WORK ORDER
Omit the images and reproduce the rest of the entries exactly.

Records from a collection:
%%

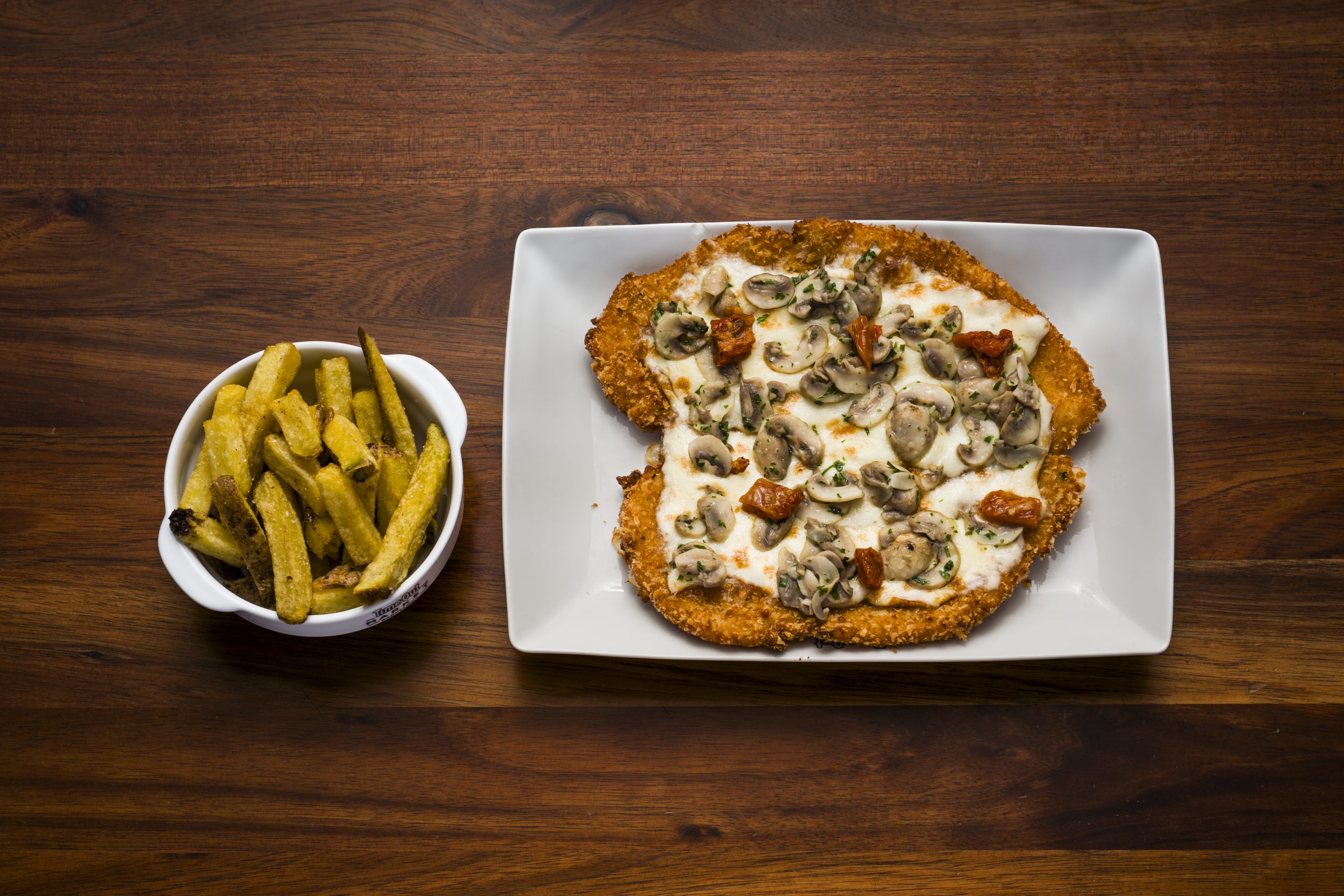 Milanesa de pollastre amb xampinyons, all i julivert i tomàquet sec, acompanyada amb patates fregides
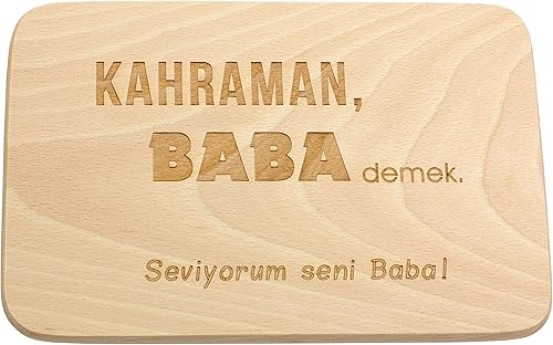 Planche à déjeuner en Bois - Snack Board avec Gravure Turque - Cadeaux pour Papa - Planche en Bois avec découpe de Coeur - Hediye Baba
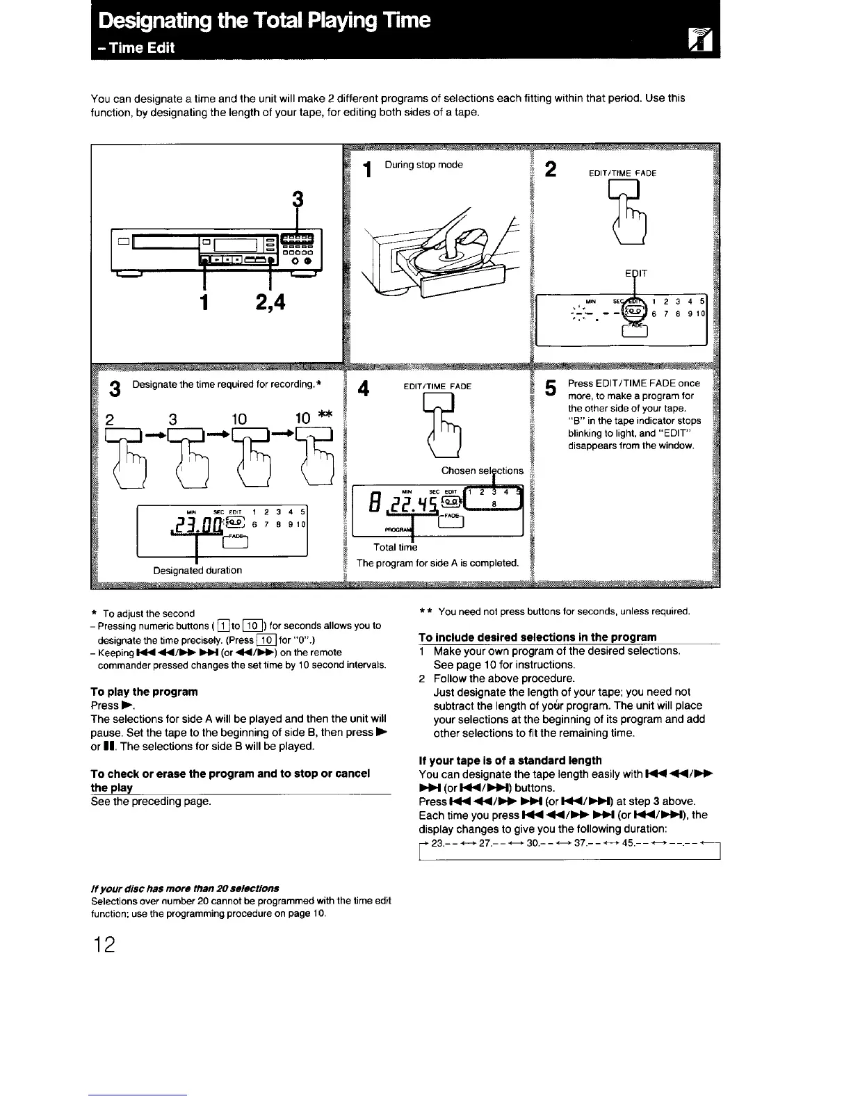 Sony Compact disc player - Time Edit Function; Setting Total Playing Time for Tapes; Playing and Managing Time Edit Programs
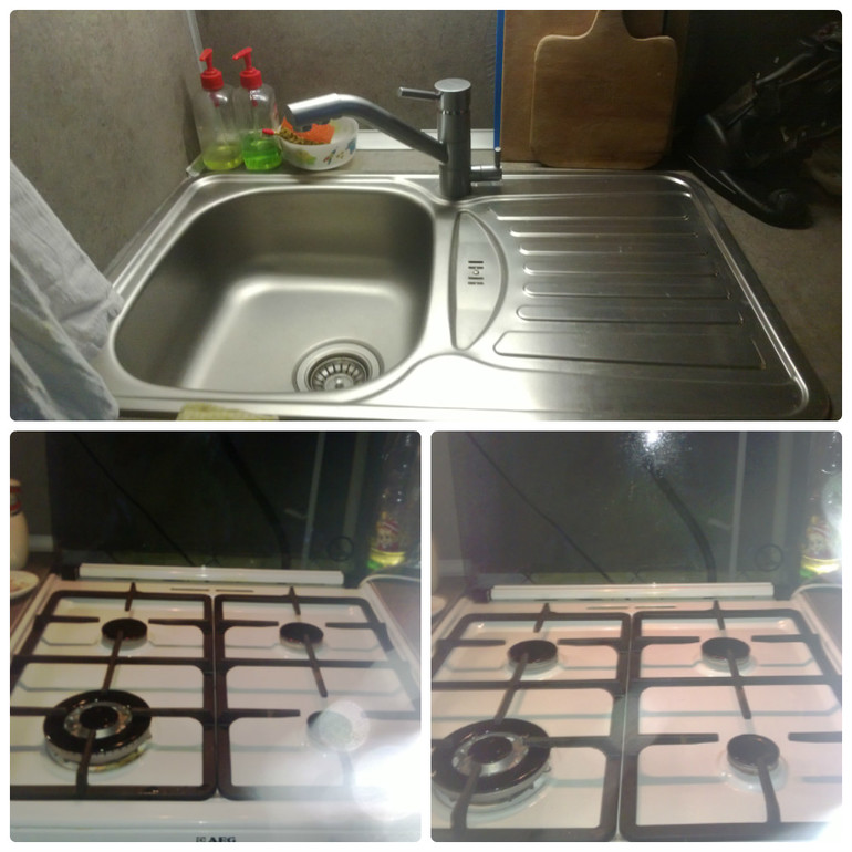 Раковина в шоке - не иначе у хозяйки приступ Золушки! Пока рядом - сразу и плиту начистила - под большой конфоркой было пятно! И с чистой совестью срулила с кухни. И только сегодня, вставляя фото обратила внимание какое грязное у меня стекло за плитой... Пробовала загипнотизировать фотку - грязь не рассасывается.. Придется завтра вечерком начищать! Сегодня мои "маленькие шажочки" уже закончились
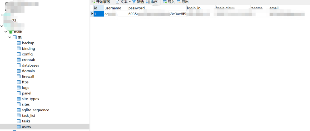 宝塔数据库是用的sqlite3,我们下载下来后直接用navicat打开即可:

%%

RESULT
 Milanesa de pollastre amb xampinyons, all i julivert i tomàquet sec, acompanyada amb patates fregides
 Planche à déjeuner en Bois - Snack Board avec Gravure Turque - Cadeaux pour Papa - Planche en Bois avec découpe de Coeur - Hediye Baba
 Sony Compact disc player - Time Edit Function; Setting Total Playing Time for Tapes; Playing and Managing Time Edit Programs
 Раковина в шоке - не иначе у хозяйки приступ Золушки! Пока рядом - сразу и плиту начистила - под большой конфоркой было пятно! И с чистой совестью срулила с кухни. И только сегодня, вставляя фото обратила внимание какое грязное у меня стекло за плитой... Пробовала загипнотизировать фотку - грязь не рассасывается.. Придется завтра вечерком начищать! Сегодня мои "маленькие шажочки" уже закончились
 宝塔数据库是用的sqlite3,我们下载下来后直接用navicat打开即可:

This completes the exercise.